__TASK DESCRIPTION__
Given the records underneath, please repeat exactly the lines from the line with "Gümüş Renk İkili Zincir Detaylı Halhal" through the line with "De broek is", passing over any picture.

__MATERIAL TO PROCESS__
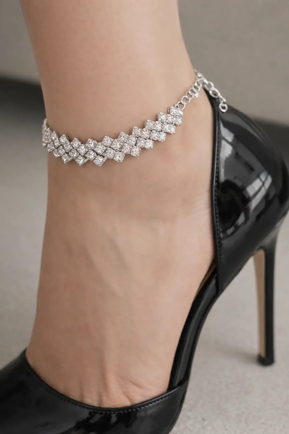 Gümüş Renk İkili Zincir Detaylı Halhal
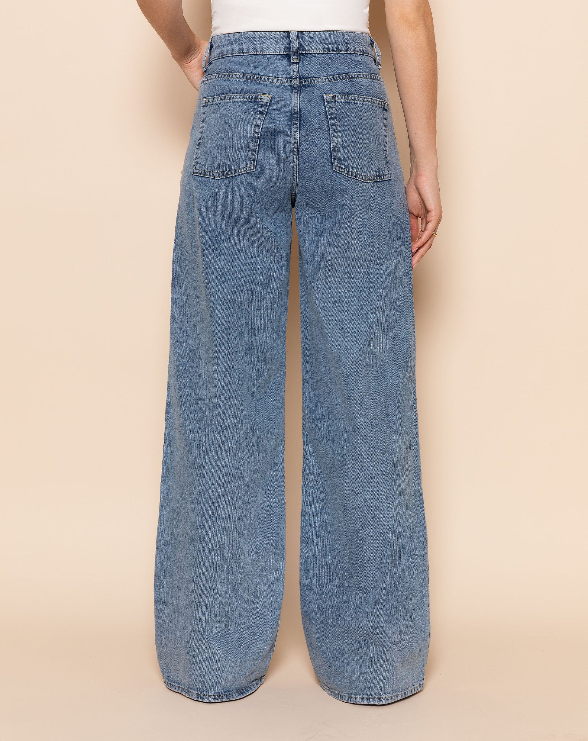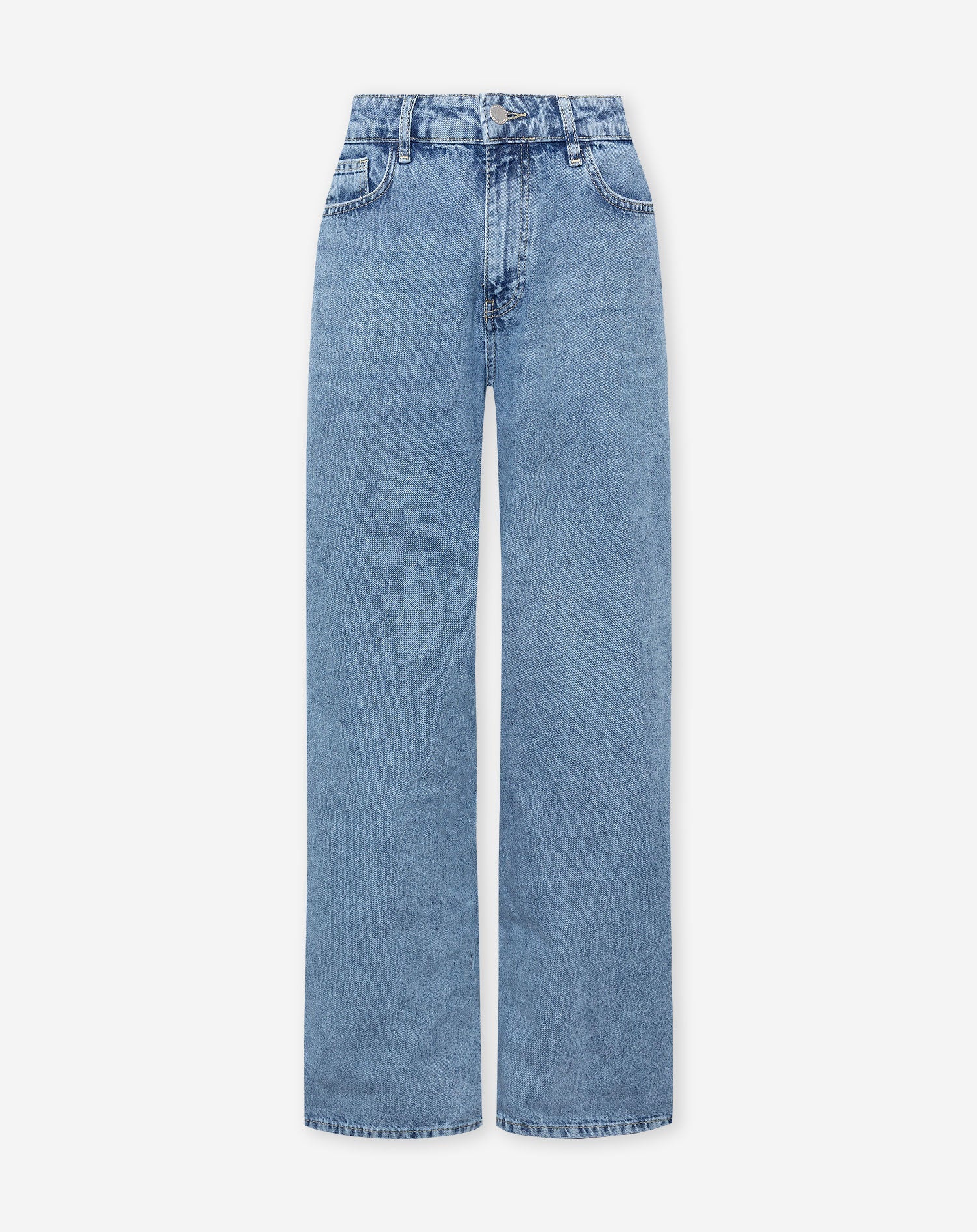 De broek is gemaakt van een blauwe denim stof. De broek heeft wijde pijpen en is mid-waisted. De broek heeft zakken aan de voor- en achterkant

---

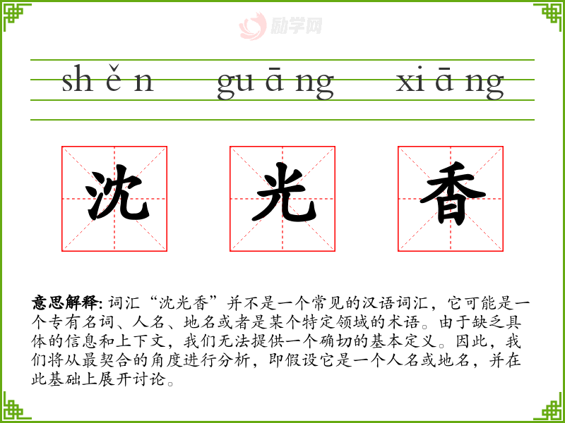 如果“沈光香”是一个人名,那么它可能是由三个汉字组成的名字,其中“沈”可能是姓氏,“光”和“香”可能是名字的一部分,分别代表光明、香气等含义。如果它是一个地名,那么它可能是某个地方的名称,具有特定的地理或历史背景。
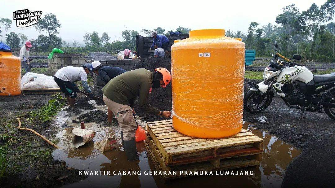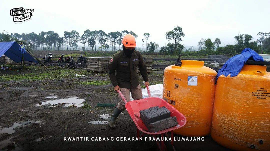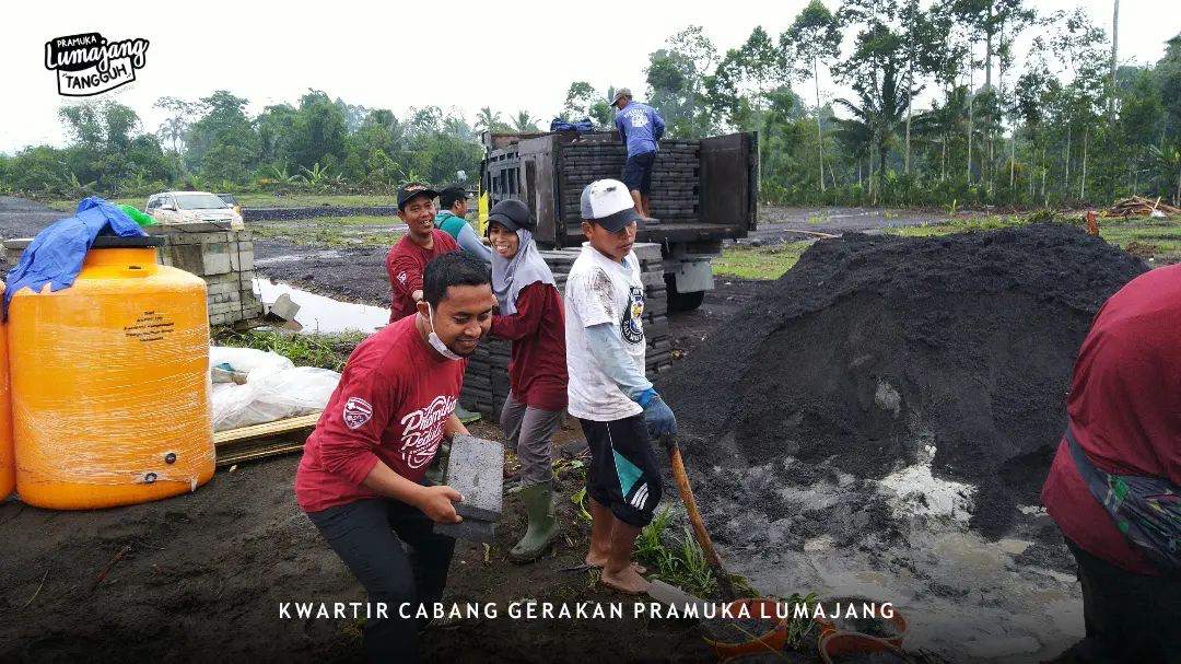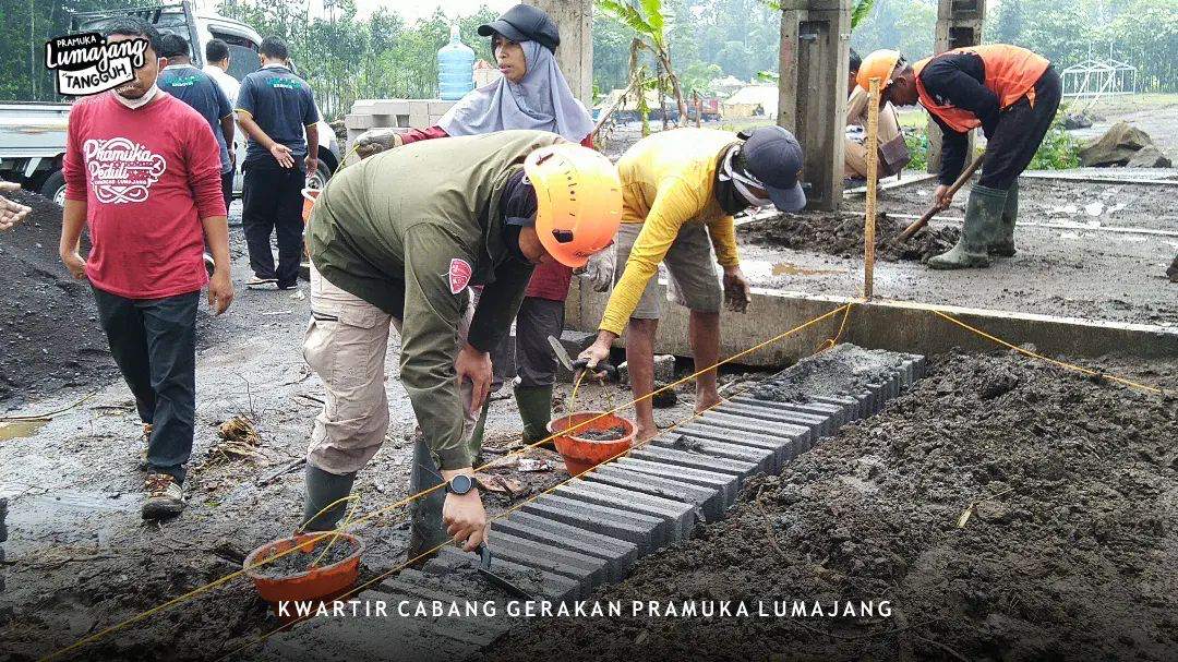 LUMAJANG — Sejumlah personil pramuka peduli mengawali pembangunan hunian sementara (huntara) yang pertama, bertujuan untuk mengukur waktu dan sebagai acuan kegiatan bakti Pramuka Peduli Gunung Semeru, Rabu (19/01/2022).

__SOLUTION TO THE EXERCISE__
 Gümüş Renk İkili Zincir Detaylı Halhal
 De broek is gemaakt van een blauwe denim stof. De broek heeft wijde pijpen en is mid-waisted. De broek heeft zakken aan de voor- en achterkant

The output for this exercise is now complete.